Max Hoffman set his drink down and placed his left hand flat on the bar top, and now Hess could see the faded vertical sequence of numbers tattooed across the top of his forearm. “You were at Auschwitz,” Hess said, knowing it was the only camp where the Nazis tattooed prisoners. More than four hundred thousand inmates had been assigned serial numbers.

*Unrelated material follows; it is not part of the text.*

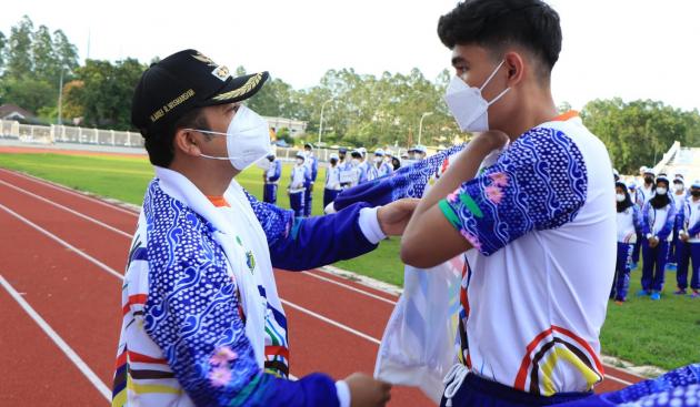 Dalam acara pelepasan tersebut, kontingen Kota Tangerang yang menerjunkan sebanyak 323 personel yang terhimpun dari atlet, pelatih, asisten, ofisial, dan tenaga medis pun kompak mengenakan pakaian olahraga berwarna putih dan biru.

Max nodded. “We were rounded up and packed into a cattle car. Rode three days without food, water or bathroom facilities. Arrived May 12th, 1942.” He sipped his drink. “The door opened and I saw the electric fence and the towers and a line of SS guards with machine guns, standing next to the train. I stepped over the bodies of those who had died during the travel, climbed out of the car and stood in a long line, walking toward a man in a white physician’s coat, standing on a platform, a German shepherd sitting next to him. The man studied each of us with detached indifference, directing the fittest among us to the right and those who were going to die in the gas chamber to the left. I found out later he was Dr. Mengele. With his arms outstretched, wearing the white medical coat he looked like a white angel. The Jews in the camp called him the Angel of Death.” Max Hoffman paused. “There was a putrid stench in the air. I said to Wineman, a friend who was in front of me, ‘What is that awful smell?’ A guard standing nearby heard me and said, ‘Your parents.’ I was strong in those days. I had been an athlete. I wanted to grab the guard and break his neck.” Max Hoffman picked up his drink. “I was there till the 26th of January, 1945, the day Russian troops liberated us.”
“How old were you?”
“Twenty-eight when I got out.”
“I was at Dachau,” Hess said. “November 1942 till I escaped in May of’43.”
Max said. “How’d you do it?”
“The Nazis said we were being transferred to a sub-camp to work in a munitions factory. It was believable, prisoners were transferred all the time. And I wanted to believe it. Any place had to be better than where I was.” Hess sipped his whisky. “Fifty of us were packed into the back of a truck and driven a few kilometers from the camp. When the truck turned into the woods I knew the real purpose of our journey. SS guards in kubelwagens were following us, but there was a stretch where we lost sight of them and I jumped off the back of the truck.”
“That took guts. How old were you?”
“Sixteen.” Hess took a swallow of whisky. “I followed the truck to a clearing, stood behind a tree and watched the SS guards direct prisoners to a pit that had been dug. Twelve at a time were brought to the edge and shot in the back of the head, the velocity of the rounds blowing the bodies into the hole. More trucks came and more prisoners were executed. At some point the SS murderers started drinking schnapps to calm their nerves. Late in the afternoon when it was over many of the guards were drunk. But someone saw me. I was brought to the edge of the pit, hit on the side of the head with the butt of a carbine and thrown on top of bodies, some still alive, and burrowed down under the dead while the guards were shooting at me.” That was Hess’ recollection of what happened to the real Harry Levin. He could see Max hanging on every word. Hess finished the whisky and signaled the bartender. “A refill?”
“I better,” Max said, “if I am going to hear any more of this.”
“Another round,” Hess said to the bartender, then glanced at the Jew. “I awoke hours later, feeling the weight of the bodies on top of me. I couldn’t see or breathe. The pit had been filled in with dirt. I clawed my way out. It was dark. I ran to a farmhouse and hid in the barn.”
“Where was your family?”
“Killed by the Nazis.”
Max Hoffman shook his head.
The bartender put fresh drinks in front of them.